Over the last 25 years a thousand little inactions by the medical community proved to these entertainers that they could amass power without consequence. Mehmet Oz hawked supplements and bogus drugs for years. He now runs our largest health safety net while Scott Atlas, as a presidential emissary, made a thinly veiled proposal for people to use Thanksgiving dinner as a tool to kill off older Americans during the Covid-19 pandemic. In liberal camps it’s no better. Affordable Care Act (ACA) architect Ezekiel Emmanuel proposed the idea that it’s best for everyone if we die at 75 while Yale psychiatrist Bandy Lee was allowed to diagnose a president’s mental state from afar for years without consequence.
This unwillingness to confront the powerful is how doctors ended up being complicit in the two most deadly American public health crises of the last half century. Instead of fighting Big Pharma full throttle, they doled out the pills they were given by reps, setting the baseline for the opioid crisis. When the pandemic arrived, they equivocated on basic, settled facts as simple as masking and frequently ignored the public health needs of disabled people to deadly effect.
These two crises have also exposed a particularly disturbing disconnect between doctors and the rest of us, from disabled people on one end all the way to anti-vaxxers on the other. In a failing system that they have built and they have the most power to influence, they have spent years re-framing instances of mass public death as a story about why they are burned out and cannot go on. These kinds of claims are hardly new, but they tell us through actions what we need to know, which is that the rest of us would be best served by lowering our expectations.
Instead of pointing to single anecdotal examples of good doctors we all know and then expecting them to come together to take a meaningful stand, we have to accept that we have a system where most of them could do something of significance on many fronts—from single-payer health care to a basic public understanding of contagious disease—but will not. That’s a shame, but perhaps we should look to history for how we should act, too. The history of de-institutionalization that began half a century after the death of Walter Fernald holds some answers. The wins disabled people and their allies secured were the result of thinking past doctors with a vision of what they wanted their lives to be, living in non-institutional communities, making daily decisions about how to live.
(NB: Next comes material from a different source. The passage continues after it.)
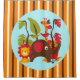 A cute shower curtain for kids who love zoo animals, safari animals, jungle animals, features a background of orange, white, and brown stripes with a blue circular with jungle plants, a giraffe, lion, and elephant!

Their assertion of that vision was powerful enough to drag others, even grudging doctors, along. Without a similarly clear vision today, there is no way to do anything but worry and react to bad news. That is no place to be. So while you fight to preserve the big federal laws that you must fight to preserve, and while you keep an occasional eye on the actions of people like the new Secretary of Health and Human Services, perhaps it’s best to look around where you live today and ask what you can build beyond these things, and what others might already be building around you in plain sight.
A good place to start, always, is with questions. Are the disabled people in your community living full and equal lives? Have you ever asked? Can you help make sure they continue to have that right in deeply meaningful ways that redefine what it means to be a civil society and loving community? Do you need the American Medical Association to support you for that to happen?